Nick reached for it at the same time as Tucker; he pushed the other boy's hand away, and lifted it out himself. He knew right away it wasn't money. He could feel the shape of the thing, flat and rectangular, three-quarters of an inch thick. A black current of disappointment poured through him, an infinitely receding tide dragging him from an aspiring shore. He didn't realize he was holding his breath until it burst out of him.

Suddenly he had to urinate. His bladder burned with it.

“What is it?” Tucker said.

“Shut up,” Nick said.

“No, I wanna—”

“Outside,” said Finney firmly, steering them back toward the door. Nick swerved toward the restrooms on the far side of the ticket counter. “I'm right behind you.”

“You okay?” Sue said.

“I have to piss.”

He went past the ticket counter and up a short flight of stairs. The men's room was to his right, a plain, wooden door that swung soundlessly open at a push. A dying fluorescent light flickered within, producing an almost subaural hum. An enormous white man obstructed the sinks, brushing strands of greasy hair across his pate. Two black kids in oversize jeans and hockey jerseys were arguing about something in the archway that gave onto the urinals. Nick slid past them and stopped before a urinal, wedging the mailer under his arm. He fished himself out of his trousers and waited for a moment, unable to release the flow of urine. And then it came, a hard, yellow arc, the acrid stench of it rising to mix with the other odors that hovered there, almost palpable—a fouled toilet and too many unwashed bodies, the faint, clean pine scent of over-matched disinfectant.

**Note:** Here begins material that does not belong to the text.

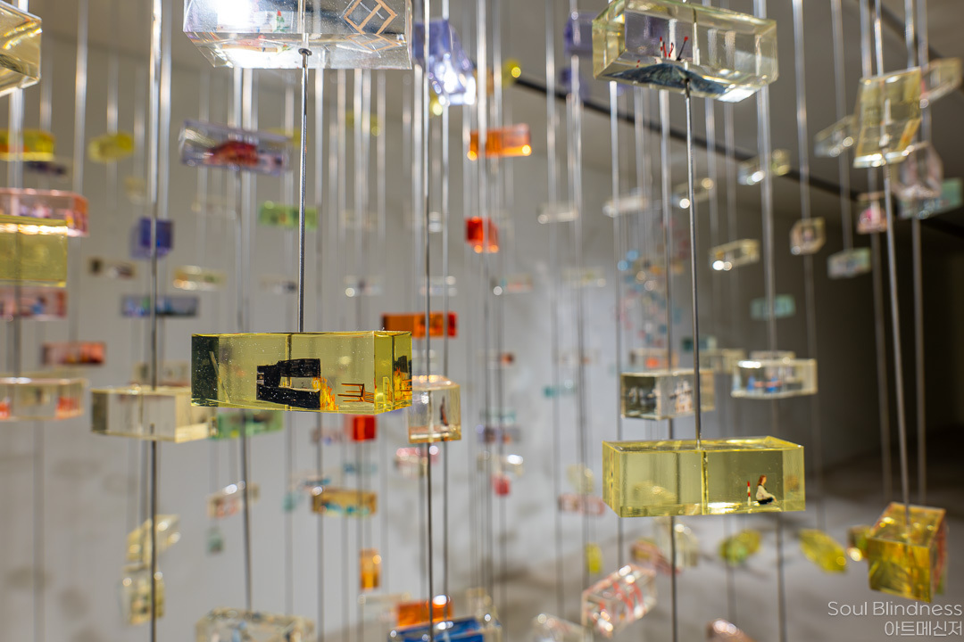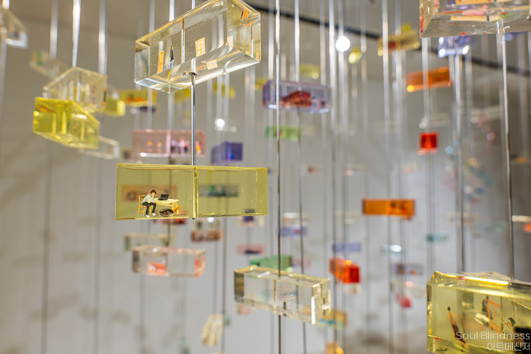 atelierJAKㅣIndescribable scenes 5sㅣepoxy resin cube-7.6×2.6×2.6cm, acrylic paintings on overhead transparency, stainless steel polishedㅣ120×120×180cmㅣ2021

Nick flushed and turned away. The black kids had gone with a last flourish of shouts. The fat man grunted and made room for Nick at the sinks. “Fucking niggers,” he remarked, working with a toothpick at a few cancerous stumps of teeth.

Nick ignored him.

He laid the mailer on the ledge and washed his hands. He studied his image in the mirror: deep-set eyes and close-shorn brown hair, shoulders broad from long days in the warehouse, working until every muscle ached. Not handsome, he thought, but not unpleasant either. Just normal. He didn't look like a guy who could run down an innocent man, steal ten grand, and go looking for more.

But the plain fact of it was there, too. He could see it in his eyes, a wariness he'd seen only once before, in the eyes of that frightened deer. The sense that he was hunted.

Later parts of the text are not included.